Arginine and N-carbamylglutamate regulated the gene expression of inflammatory cytokines

In addition to improving the antioxidant capacity, dietary supplementation with NCG or Arg may affect the immune capacity. Immune status refers to the innate immune response correlated with an inflammatory response (Guedes and Gebhart, 2003, Wang et al., 2015a). In this study, supplementation with NCG and Arg decreased the IL-1β and TNF-α mRNA levels in rat spleen under oxidative stress. This result was consistent with a previous finding that dietary Arg ameliorated the enhancement of the jejunal and ileum TNF-α mRNA abundance induced by lipopolysaccaride challenge in weaned pigs (Liu et al., 2008).

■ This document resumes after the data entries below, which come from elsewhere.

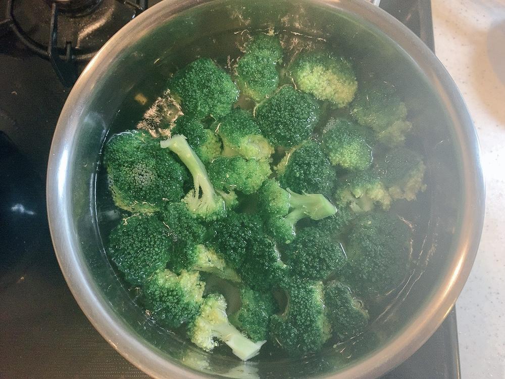 鍋に多めに湯を沸かして、カットしたブロッコリーを1分程度茹でる。ザルにあげたら、そのままにしておき余熱で火を通す。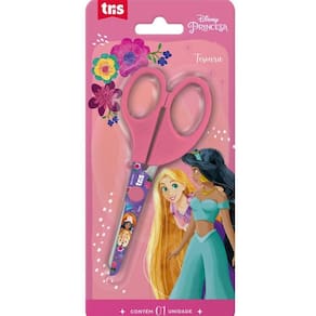 Com pontas arredondadas e cabo resistente em PP, a tesoura Princesas possui as lâminas decoradas, 13cm de comprimento total e 1,5mm de espessura de lâmina.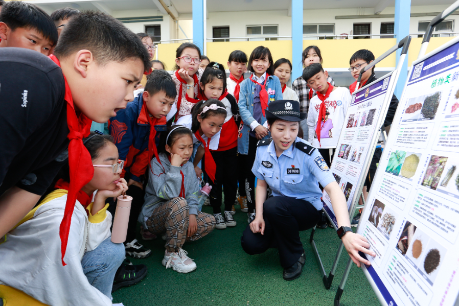 5月26日,浙江省岱山縣公安局民警來到轄區(qū)蓬山小學開展“共建無毒家園 守護紅色根脈”主題宣傳活動。其間,民警向?qū)W生講解了植物類、食品飲料類及其他類18種國家實行整類列管的新精神活性物質(zhì)相關知識,并開展禁毒拼圖、擊碎毒品等互動游戲,進一步提高學生們識毒、防毒、拒毒意識。圖為民警向?qū)W生講解禁毒知識。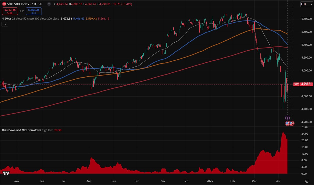 I rendimenti decennali sono saliti per cinque sedute consecutive, chiudendo la settimana con un +12,4% – il rialzo più marcato dal 2022. Nel frattempo, il dollaro ha continuato a indebolirsi: quarta seduta negativa, terza settimana consecutiva in calo, terzo mese di fila. Una combinazione che, per un investitore europeo, ha un significato chiaro: anche con lo S&P 500 in ripresa, Wall Street resta in recessione. Perché, al netto dell’effetto cambio, l’indice è ancora sotto del 20.9% dai massimi storici.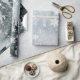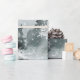 Das elegante Geschenkpapier mit Aquarellmalerei und einem Winternachthimmel in einem schneebedeckten Bergwald mit großen und kleinen Schneeflocken.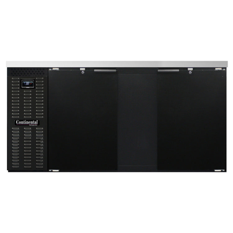 The Continental Refrigerator BB69N Refrigerated Back Bar Cooler is a top-tier refrigeration solution designed for commercial environments requiring efficient storage and cooling. Measuring 69 inches in width and 34-3/4 inches in height, this unit offers a substantial 26.0 cubic feet of storage capacity, ideal for bars, restaurants, and catering services. Its front-breathing design is complemented by a durable stainless steel top, ensuring long-lasting performance and ease of maintenance. The cooler is equipped with two doors featuring locks, providing secure access to its contents. An electronic controller with a digital display and hi-low alarm enhances the unit's functionality, offering precise temperature management. The exterior is finished with black enamel, while the interior boasts stainless steel back and side panels with a reinforced stainless steel floor, ensuring robust construction and easy cleaning. Epoxy-coated steel shelves provide versatile storage options. The self-contained refrigeration system utilizes R290 hydrocarbon refrigerant, meeting modern environmental standards. Powered by a 1/4 HP compressor, the BB69N is certified by cETLus and NSF, underscoring its compliance with safety and sanitation standards. This back bar cooler seamlessly combines functionality and reliability, making it a valuable addition to any professional food and beverage service operation.
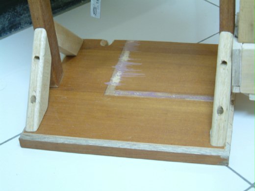 今天在施作過程中,發現原設計圖中沒考慮到像鋁尺.直尺.圓木條...等這類的木料或工具的存放位置,所以,臨時起意加入了直立的收納空間(我的個人相簿中都有詳細的照片唷!!)其中工具架底座的部份,大家有沒有認出來啊?!那就是我前一個未能完成的作品--除溼機活動台的那個底座啦....上個作品沒用到,剛好用在這個身上!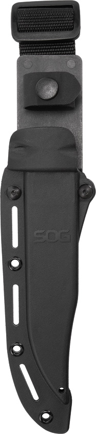 11″ (27.94cm) overall. 6.38″ (16.21cm) stonewash finish AUS-8 stainless blade. Black Kraton handle. Steel guard and pommel. Lanyard hole. Black Kydex sheath. Boxed.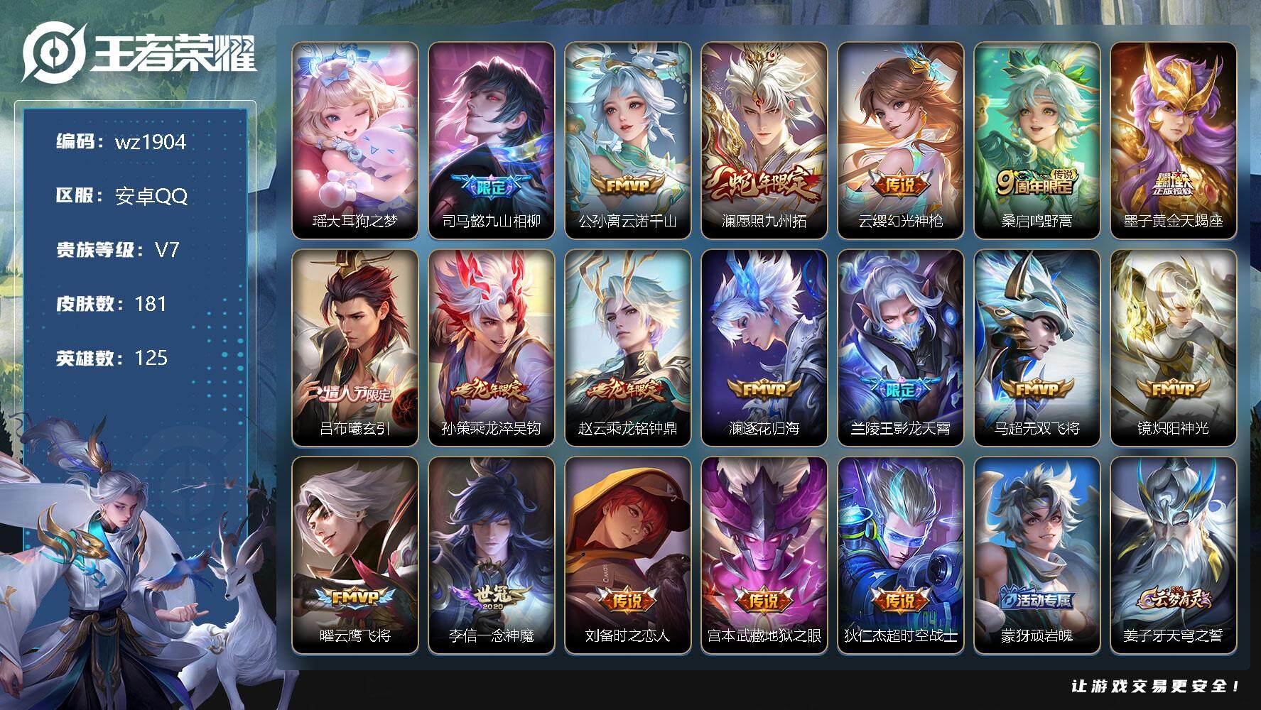 【游戏多多】 【可二次实名】【wz1904】安卓Q-V7-最强王者段位-125英雄-181皮肤-0典藏-0珍品无双-0无双-1珍品传说-18传说-54史诗 【英雄全皮】:司马懿全皮,刘备全皮 【珍品传说】:瑶大耳狗之梦 【传说皮肤】:司马懿九山相柳,公孙离云诺千山,澜愿照九州拓,云缨幻光神枪,桑启鸣野蒿,墨子黄金天蝎座,吕布曦玄引,孙策乘龙淬吴钩,赵云乘龙铭钟鼎,澜逐花归海,兰陵王影龙天霄,马超无双飞将,镜炽阳神光,曜云鹰飞将,李信一念神魔,刘备时之恋人,宫本武藏地狱之眼,狄仁杰超时空战士 【限定皮肤】:蒙犽顽岩魄,姜子牙天穹之誓,李白谪仙醉月,狄仁杰阴阳师,赵云皇家上将,狄仁杰魔术师,项羽海滩派对,韩信傲雪梅枪,兰陵王影龙天霄,孙悟空至尊宝,孙悟空孙行者,后羿如梦令,刘备百相守梦,李元芳银河之约,太乙真人华丽摇滚,裴擒虎李小龙,裴擒虎擒涛扼浪,云中君纤云弄巧,鲁班大师探海日志,桑启海盐诗旅,阿古朵江河有灵,张良古海寻踪,蒙犽百解令,蒙恬荣光圣徽,鬼谷子天穹祈灯,伽罗琥珀纪元,姬小满妄想食味,孙策乘龙淬吴钩,赵云乘龙铭钟鼎,吕布曦玄引,沈梦溪龙舞盛年,鲁班七号蔬乡物语,李元芳蔬乡物语,刘邦剑破天穹,程咬金群星魔术团,镜青焰无极,项羽苍威无极,刘备异域游侠,周瑜熔金海岸 【年限皮肤】:孙策乘龙淬吴钩,赵云乘龙铭钟鼎 【赛季限定】:张良古海寻踪,裴擒虎擒涛扼浪,鲁班大师探海日志,桑启海盐诗旅,鬼谷子天穹祈灯,蒙恬荣光圣徽,刘邦剑破天穹,姜子牙天穹之誓 【战令限定】:李元芳银河之约,鲁班七号蔬乡物语,李元芳蔬乡物语,镜青焰无极,项羽苍威无极 【史诗皮肤】:露娜紫霞仙子,赵云皇家上将,甄姬冰雪圆舞曲,狄仁杰魔术师,廉颇地狱岩魂,宫本武藏鬼剑武藏,孙尚香水果甜心,嬴政摇滚巨星,妲己女仆咖啡,墨子金属风暴,刘禅绅士熊喵,李白千年之狐,孙悟空至尊宝,夏侯惇乘风破浪,小乔缤纷独角兽,兰陵王暗隐猎兽者,诸葛亮黄金分割率,雅典娜冰冠公主,百里守约特工魅影,铠曙光守护者,李元芳逐浪之夏,程咬金功夫厨神,阿轲节奏热浪,狄仁杰鹰眼统帅,李元芳银河之约,后羿如梦令,橘右京修罗,裴擒虎李小龙,云中君纤云弄巧,西施诗语江南,百里玄策热力回旋,孙悟空孙行者,司马懿暗渊魔法,韩信傲雪梅枪,高渐离天秀音浪,刘备百相守梦,阿古朵江河有灵,蒙犽百解令,蒙恬荣光圣徽,伽罗琥珀纪元,姬小满妄想食味,鲁班七号蔬乡物语,镜青焰无极,蒙犽顽岩魄,亚连破空之剑,马可波罗星界特工,李白谪仙醉月,赵怀真器灵浮梦炉,阿轲化蝶舞,狂铁龙之律动,后羿石田雨龙,周瑜百相守梦,黄忠百相守梦,公孙离涂山容容 【其他皮肤】:项羽海滩派对,韩信教廷特使,韩信街头霸王,阿轲爱心护理,赵云白执事,赵云忍炎影,白起白色死神,牛魔西部大镖客,扁鹊化身博士,孙膑天使之翼,典韦黄金武士,亚瑟死亡骑士,花木兰兔女郎,刘备万事如意,宫本武藏万象初新,狄仁杰阴阳师,刘备纽约教父,刘备汉昭烈帝,关羽龙腾万里,钟无艳海滩丽影,王昭君幻想奇妙夜,狂铁命运角斗场,老夫子功夫老勺,诸葛亮掌控之力,李白敏锐之力,鬼谷子幻乐之宴,太乙真人华丽摇滚,大乔守护之力,明世隐虹云星官,沈梦溪鲨炮海盗猫,狂铁特工战影,张良缤纷绘卷,鲁班大师乓乓大师,马可波罗潮玩牛仔,蒙恬蔚蓝守将,刘备潮玩造梦师,桑启海盐诗旅,猪八戒潮玩探月行,裴擒虎擒涛扼浪,太乙真人劲辣红锅,鲁班大师探海日志,李元芳妄想特派,哪吒热血海滩,张良古海寻踪,钟无艳聚星闪耀,海月王牌新星,亚连破局者,后羿完美运算,鬼谷子天穹祈灯,海诺时空谍影,嫦娥漠中幻影,朵莉亚金色潮汐,廉颇功夫炙烤,亚瑟鸿运当头,沈梦溪龙舞盛年,钟无艳春野之旅,李元芳蔬乡物语,扁鹊无尽旅途,刘邦剑破天穹,盘古经纬探寻者,程咬金群星魔术团,项羽苍威无极,刘备异域游侠,姜子牙天穹之誓,周瑜熔金海岸,孙悟空神迹守卫,盘古敬我三分,东皇太一噬灭天穹,干将莫邪雾都夜雨,苍苍林狼骑,太乙真人谧流熔炉,典韦铁骨偃魂,西施雪境奇遇,姜子牙星梦巡礼,明世隐景韶洛都,戈娅玫蓝誓约,刘备浪漫序章,钟馗虚灵犬护,苏烈春野闲踪,张良灵野札记,阿古朵布丁狗之约,露娜命运加冕,姬小满小满鸭,白起死霸装,甄姬逆浪荇歌,孙策百相守梦,庄周锦麟游梦,莱西奥踏浪烽翎,鬼谷子克喵,王昭君精灵公主,张良一千零一夜,后羿精灵王,马可波罗激情绿茵,苍维京掠夺者,百里守约绝影神枪,女娲尼罗河女神,公孙离花间舞,米莱狄精准探案法,元歌午夜歌剧院,司马懿魇语军师,李信灼热之刃,盘古创世神祝,瑶森,阿古朵熊喵少女,司空震启蛰,云缨赤焰之缨,金蝉前尘,暃碧珀绯影 【内测皮肤】:狂铁特工战影 【营地ID】:1782420028

Therefore, these results suggested that NCG and Arg alleviated inflammatory response by downregulating the IL-1β and TNF-α mRNA expression.

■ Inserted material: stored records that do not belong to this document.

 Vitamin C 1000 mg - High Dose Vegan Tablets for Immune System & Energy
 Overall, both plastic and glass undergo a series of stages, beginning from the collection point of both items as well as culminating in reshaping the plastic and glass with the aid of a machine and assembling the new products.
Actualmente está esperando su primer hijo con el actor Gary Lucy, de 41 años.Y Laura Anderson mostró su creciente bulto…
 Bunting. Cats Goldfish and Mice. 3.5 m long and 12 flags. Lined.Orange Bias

Transforming growth factor-β, which is a multi-purpose set of peptide signal molecules, plays an idiographic and crucial role in the immune system of body. Transforming growth factor-β is involved in regulating the antigen presentation, proliferation, and differentiation of T cells (Letterio and Roberts, 1998). In the present study, NCG- or Arg-supplemented rats exhibited a significantly increased transcription of TGF-β1 in the spleen. This result suggested that NCG or Arg may be conducive for strengthening the immune function. A previous study showed that mTOR inhibition with rapamycin reduced anti-inflammatory cytokines but increased pro-inflammatory cytokines (Weichhart et al., 2011). These findings supported the results of the present study that Arg or NCG downregulated the IL-1β and TNF-α mRNA expression but upregulated the TGF-β mRNA expression partly because of the upregulated mTOR gene expression. Furthermore, our previous study on piglets observed that spermine supplementation downregulated the mRNA expression of pro-inflammatory cytokines and enhanced the gene expression of anti-inflammatory cytokines by decreasing the gene expression of nitric oxide synthase (iNOS) (Cao et al., 2017). In rats, iNOS catalyzed the production of NO and modulated the secretion of inflammatory cytokines by activating the guanylate cyclase (Boczkowski et al., 1995). These findings implied that Arg or NCG possibly downregulated the IL-1β and TNF-α mRNA expression and upregulated the TGF-β mRNA expression by decreasing the iNOS mRNA level of the spleen. This hypothesis requires further investigation. Furthermore, our data revealed that supplementation with NCG or Arg significantly decreased the caspase-3 mRNA level under oxidative stress. Synthesized as a dormant proenzyme, caspase-3 plays a major role in regulating programmed cell death (Xu et al., 2016). The decreased expression of caspase-3 as a result of the supplementation with NCG or Arg may reduce cell apoptosis in the spleen. The mechanism may be influenced by the transcription factor nuclear factor NF-κB, which is involved in resisting to programmed cell death by activating anti-apoptotic gene expression (Manu and Kuttan, 2008).

Conclusions

This study demonstrated that DT can induce oxidative stress by decreasing the antioxidant status in rat spleen. Our results also suggested that supplementation with 1% Arg and 0.1% NCG effectively alleviated oxidative stress and enhanced the antioxidant capacity, as evidenced by the increased scavenging activities of free radicals and the enhanced enzymatic and non-enzymatic antioxidant functions. The increased antioxidant enzyme activities by the supplementation with Arg and NCG were related to enhanced antioxidant enzyme gene expression and signaling molecules, including Nrf2, Keap1, and TOR. Treatment with NCG or Arg alleviated the inflammation by regulating the transcription of anti-inflammatory and pro-inflammatory cytokine mRNA. To the best of our knowledge, this study is the first to evaluate the antioxidant status and underlying mechanism of Arg and NCG supplementation in animal spleen. In addition, this work is the first to demonstrate the anti-inflammatory ability and partial molecular mechanism by NCG supplementation in animal spleen. Nonetheless, further investigations must be conducted to elucidate the detailed mechanism by which NCG supplementation mitigates the inflammation.